Non-compete clauses (NCCs), which prohibit employees from leaving for other jobs with competitors, have been a fixture of American work life for many years. Those in senior management positions usually have their NCCs negotiated by an attorney before joining an organization, and may get paid substantially for doing so.
But non-compete clauses are not just used for high-skill, high-paying jobs. Not so well known is that they are increasingly common in lower-level positions—in many states, people in all types of jobs and at all levels of compensation can be “asked” to sign an agreement—even after they agree to take a job. Their reward is often little more than they get to keep their jobs, although they may receive some compensation if they are fired without cause.

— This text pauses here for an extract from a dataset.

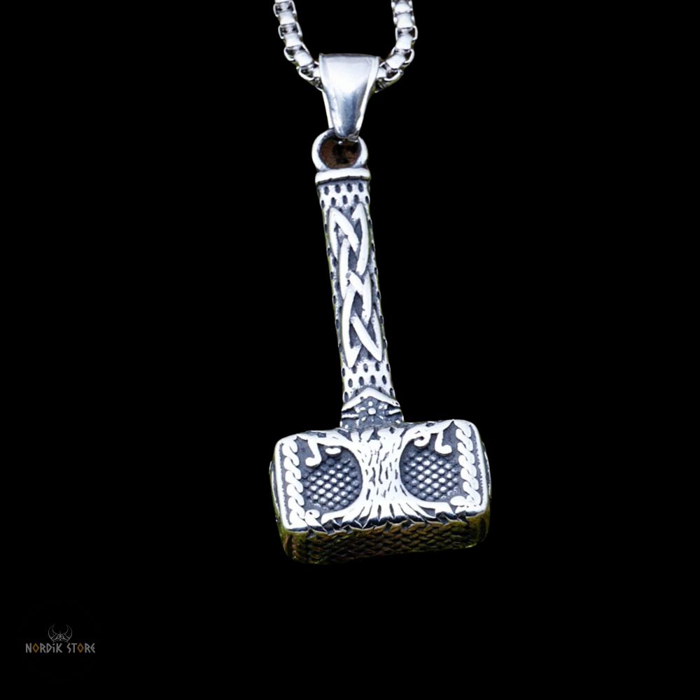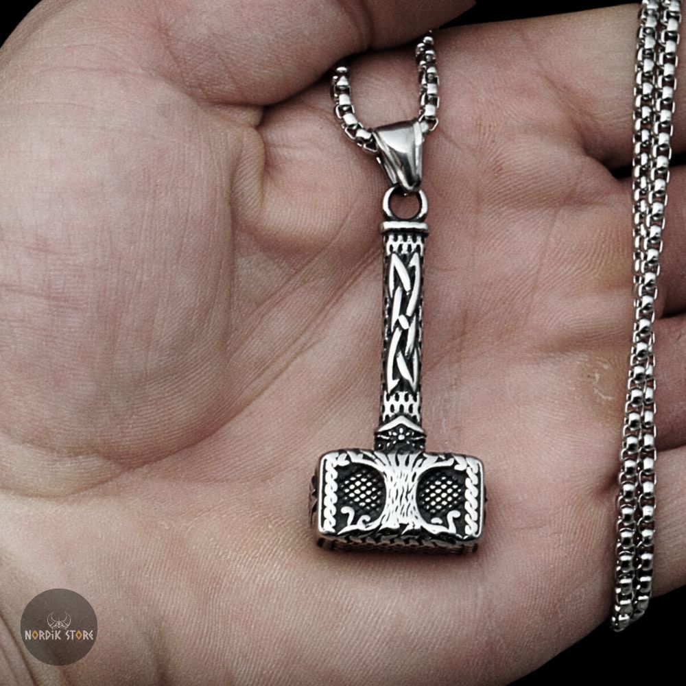 Ce collier viking Yggdrasil marteau forgé est une pièce de collection unique, un bijou qui allie la force du marteau de Thor à la sagesse de l'Arbre de Vie Yggdrasil.

NCCs are hundreds of years old and occur all over the world. For example, an English common law court in 1414 chose not to enforce such an agreement, claiming that it represented restraint of trade. A watershed 1711 case, Mitchel v. Reynolds, validated non-competes at least with regard to compensation for compliance after being terminated. Globally, India allows the use of such clauses only when it is judged to be in support of trade and commerce. European countries generally allow them for certain time periods (two or three years) and limited geography. The United Kingdom allows them only if there is a legitimate business interest other than merely competition. In the US, all but a handful of states allow them, but with a variety of laws and legal interpretations.
Making the arguments
The argument for NCCs goes something like this: When people move from one organization to another, they take with them what they have learned as well as their skills. If they are senior enough, they may also take trade secrets (although those are covered by NDAs, non-disclosure agreements, close relatives to NCCs). In certain industries in which startups are relatively easy, such as hair salons, NCCs are said to make sense, especially if there is a tendency to start competitive businesses in the same market. (That helps explain why 30% of US hair stylists are required to sign NCCs even though their compensation levels are relatively low.) Perhaps most important, the existence of an NCC is said to encourage organizations to make investments in employees in the form of training and education.
What may surprise you is how far down into the organization NCCs can legally extend. Some states only disallow them for workers making less than $13 per hour. One of the first states to exempt workers from non-competes, Oregon, freed only those making less than the median income for a family of four.In many states, people in all types of jobs and at all levels of compensation can be ‘asked’ to sign an agreement.
The case against NCCs, particularly for lower-level positions, is that they can unnecessarily restrict an employee’s upward mobility and reduce wage and benefits competition among employers. According to statistics cited by the US Senate Committee on Small Business and Entrepreneurship, 12% of workers earning less than $20,000, and 15% of workers earning between $20,000 and $40,000, are subject to non-compete agreements.
Because laws regarding NCCs represent a patchwork among states, a question continually arises about their enforceability across state lines. One solution advanced by unions and public advocacy groups is to ban such clauses at the national level. US Senator Marco Rubio supports the notion. But his proposal would cover only those making less than $23,360 per year (those eligible for overtime pay under federal law). In reality, how many employers are going to try to enforce non-compete agreements against workers at those pay levels?
It stands to reason that NCCs restrict movement of employees from one job to another. Those who can move tend to make more money than those who stay with one organization. In a study of Oregon’s plan, the rate of job mobility and pay for employees exempted from NCCs went up rapidly.
California stands alone as a state that has prohibited NCCs for many years. Many argue that it hasn’t hurt business in the state. After all, Silicon Valley, with all of its training and talent, has been able to thrive without NCCs, although California does enforce non-disclosure agreements related to trade secrets.
According to this argument, if it can work in California, why not extend the practice nationally? Should non-compete clauses be prohibited throughout the US? What do you think?